(GIVEN INFORMATION)

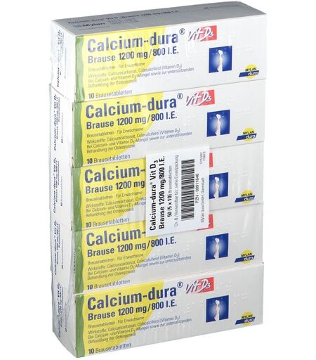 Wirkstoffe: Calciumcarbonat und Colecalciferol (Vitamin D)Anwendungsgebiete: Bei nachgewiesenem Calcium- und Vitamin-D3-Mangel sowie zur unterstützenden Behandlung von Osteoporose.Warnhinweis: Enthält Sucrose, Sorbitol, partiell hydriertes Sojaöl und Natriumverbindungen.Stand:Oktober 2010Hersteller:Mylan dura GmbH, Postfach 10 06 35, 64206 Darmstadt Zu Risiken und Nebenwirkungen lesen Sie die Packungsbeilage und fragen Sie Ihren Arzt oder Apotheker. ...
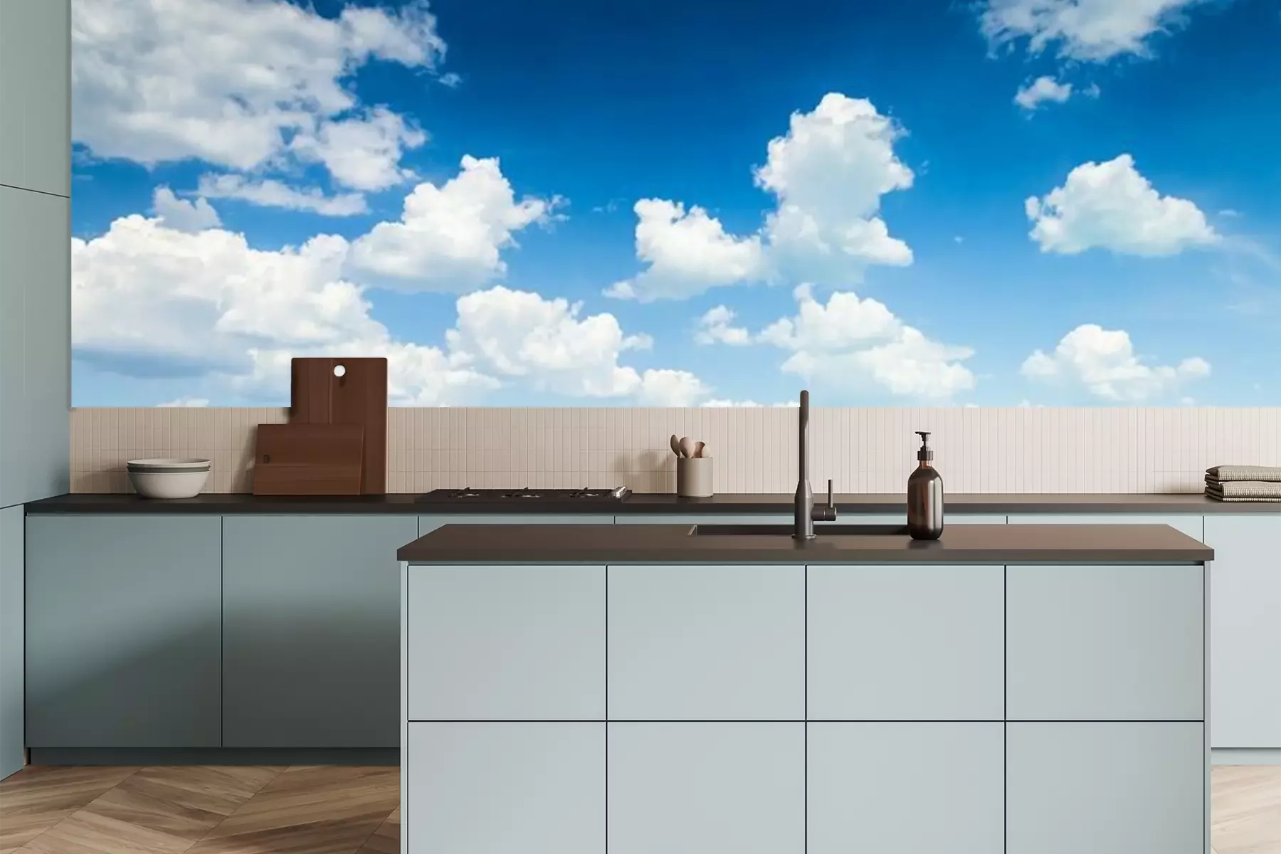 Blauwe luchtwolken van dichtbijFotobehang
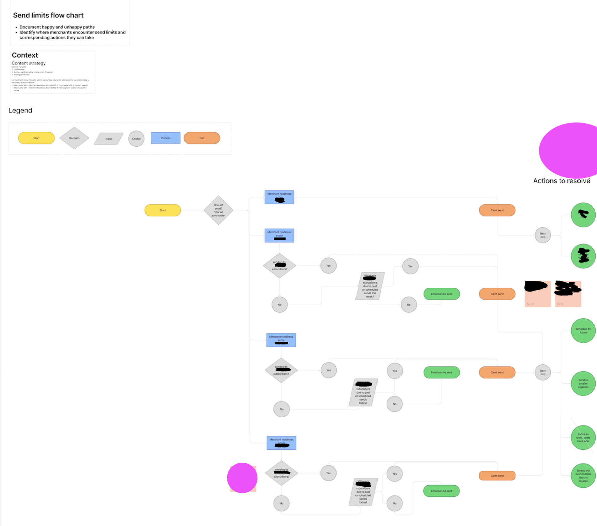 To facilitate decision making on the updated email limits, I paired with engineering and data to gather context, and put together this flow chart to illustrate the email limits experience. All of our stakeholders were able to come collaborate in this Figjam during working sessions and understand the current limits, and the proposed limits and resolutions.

(End GIVEN INFORMATION)
(GIVEN INFORMATION)

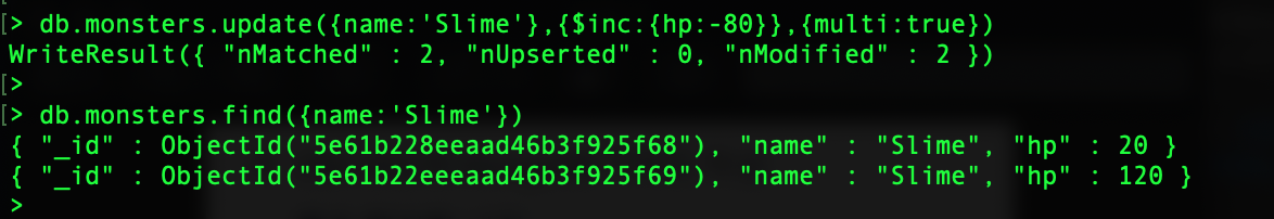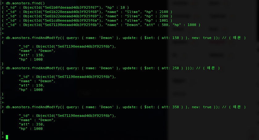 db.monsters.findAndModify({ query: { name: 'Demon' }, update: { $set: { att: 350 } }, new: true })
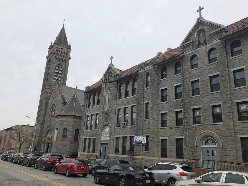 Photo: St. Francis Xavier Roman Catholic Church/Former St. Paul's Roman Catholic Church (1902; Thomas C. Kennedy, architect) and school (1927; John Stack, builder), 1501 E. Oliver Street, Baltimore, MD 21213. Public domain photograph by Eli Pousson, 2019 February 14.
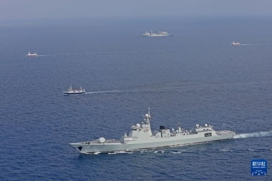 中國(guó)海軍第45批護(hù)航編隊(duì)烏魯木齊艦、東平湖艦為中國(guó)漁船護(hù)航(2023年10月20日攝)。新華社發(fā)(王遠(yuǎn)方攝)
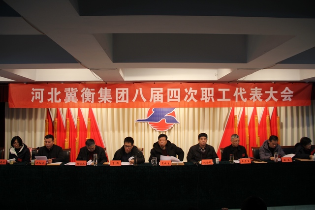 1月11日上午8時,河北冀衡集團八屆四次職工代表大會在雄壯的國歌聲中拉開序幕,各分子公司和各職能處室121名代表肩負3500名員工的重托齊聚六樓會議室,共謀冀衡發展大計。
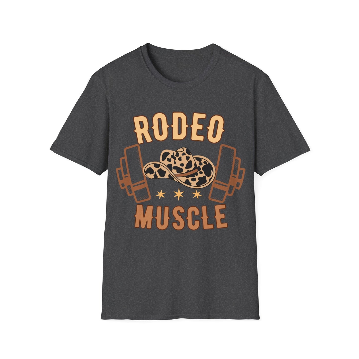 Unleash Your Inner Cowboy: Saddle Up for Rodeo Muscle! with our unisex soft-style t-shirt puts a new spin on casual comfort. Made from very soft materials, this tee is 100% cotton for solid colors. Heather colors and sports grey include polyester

(End GIVEN INFORMATION)
(GIVEN INFORMATION)

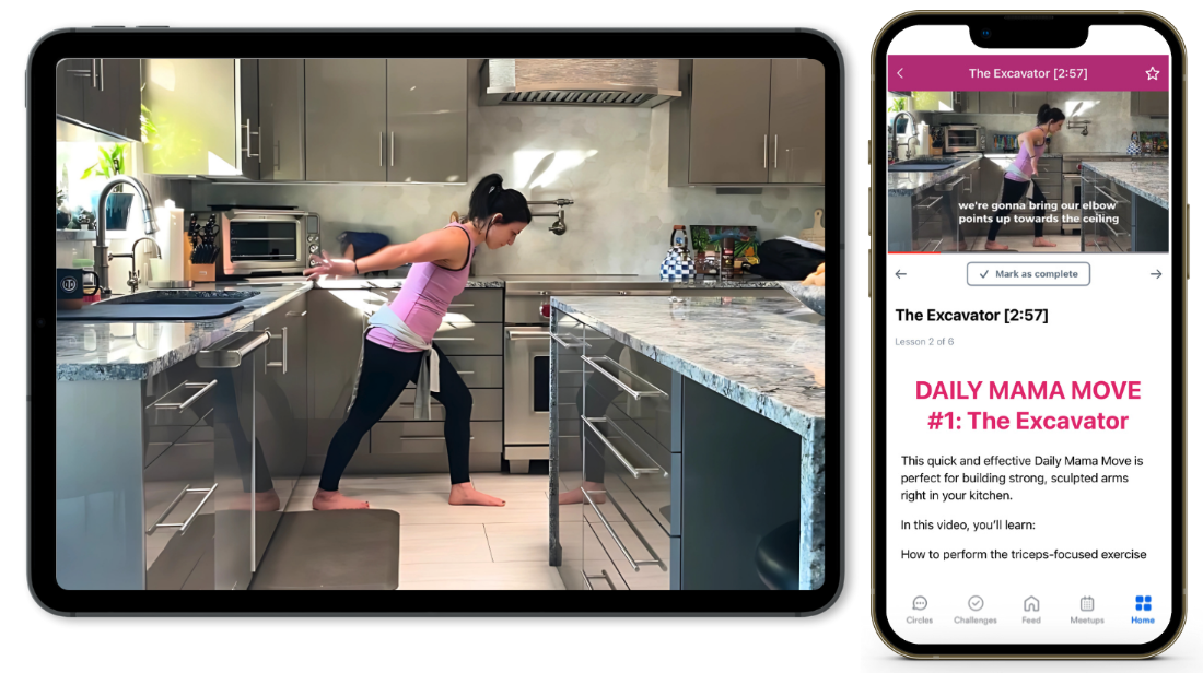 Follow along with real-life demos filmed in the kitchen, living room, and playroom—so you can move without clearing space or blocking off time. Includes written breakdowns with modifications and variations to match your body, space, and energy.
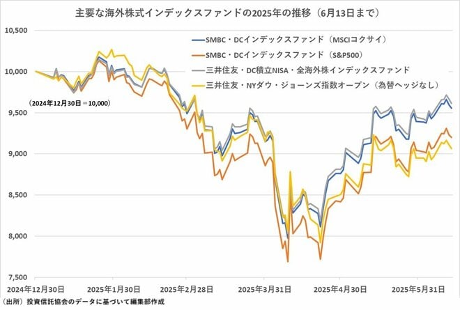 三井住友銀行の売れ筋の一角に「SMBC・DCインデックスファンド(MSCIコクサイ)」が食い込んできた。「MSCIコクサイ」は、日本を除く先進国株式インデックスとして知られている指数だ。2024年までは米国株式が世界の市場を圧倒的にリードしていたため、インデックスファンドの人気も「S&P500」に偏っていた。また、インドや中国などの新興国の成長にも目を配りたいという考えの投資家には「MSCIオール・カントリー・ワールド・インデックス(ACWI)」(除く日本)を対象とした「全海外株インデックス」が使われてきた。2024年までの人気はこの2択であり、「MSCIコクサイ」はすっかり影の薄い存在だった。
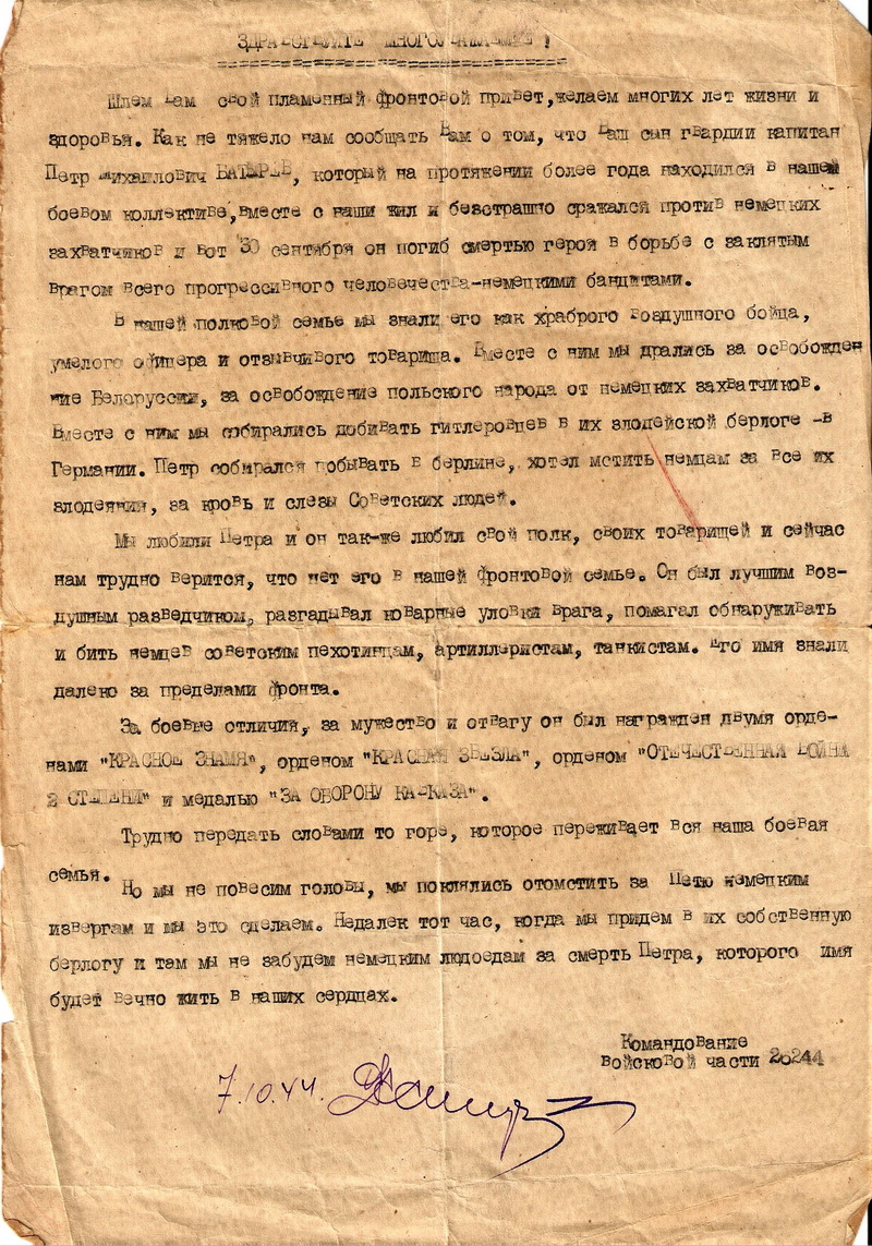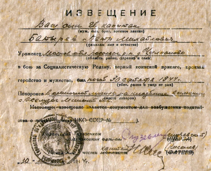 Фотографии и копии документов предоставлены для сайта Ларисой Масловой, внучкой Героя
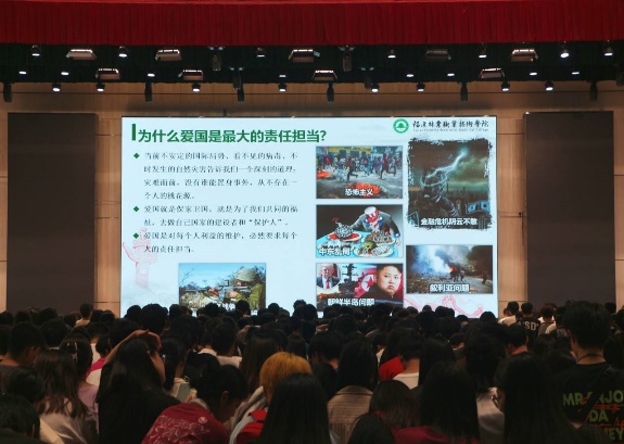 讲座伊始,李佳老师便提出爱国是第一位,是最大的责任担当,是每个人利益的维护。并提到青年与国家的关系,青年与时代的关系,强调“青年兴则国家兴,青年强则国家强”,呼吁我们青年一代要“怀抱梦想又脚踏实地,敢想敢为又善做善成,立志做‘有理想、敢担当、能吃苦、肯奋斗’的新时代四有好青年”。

(End GIVEN INFORMATION)

### EXERCISE PROMPT
Within the material above, find the part that opens with the line containing "Wirkstoffe: Calciumcarbonat und" and closes with the line containing "Blauwe luchtwolken van dichtbijFotobehang", and reproduce it exactly without the pictures.

### EXERCISE RESULT
 Wirkstoffe: Calciumcarbonat und Colecalciferol (Vitamin D)Anwendungsgebiete: Bei nachgewiesenem Calcium- und Vitamin-D3-Mangel sowie zur unterstützenden Behandlung von Osteoporose.Warnhinweis: Enthält Sucrose, Sorbitol, partiell hydriertes Sojaöl und Natriumverbindungen.Stand:Oktober 2010Hersteller:Mylan dura GmbH, Postfach 10 06 35, 64206 Darmstadt Zu Risiken und Nebenwirkungen lesen Sie die Packungsbeilage und fragen Sie Ihren Arzt oder Apotheker. ...
 Blauwe luchtwolken van dichtbijFotobehang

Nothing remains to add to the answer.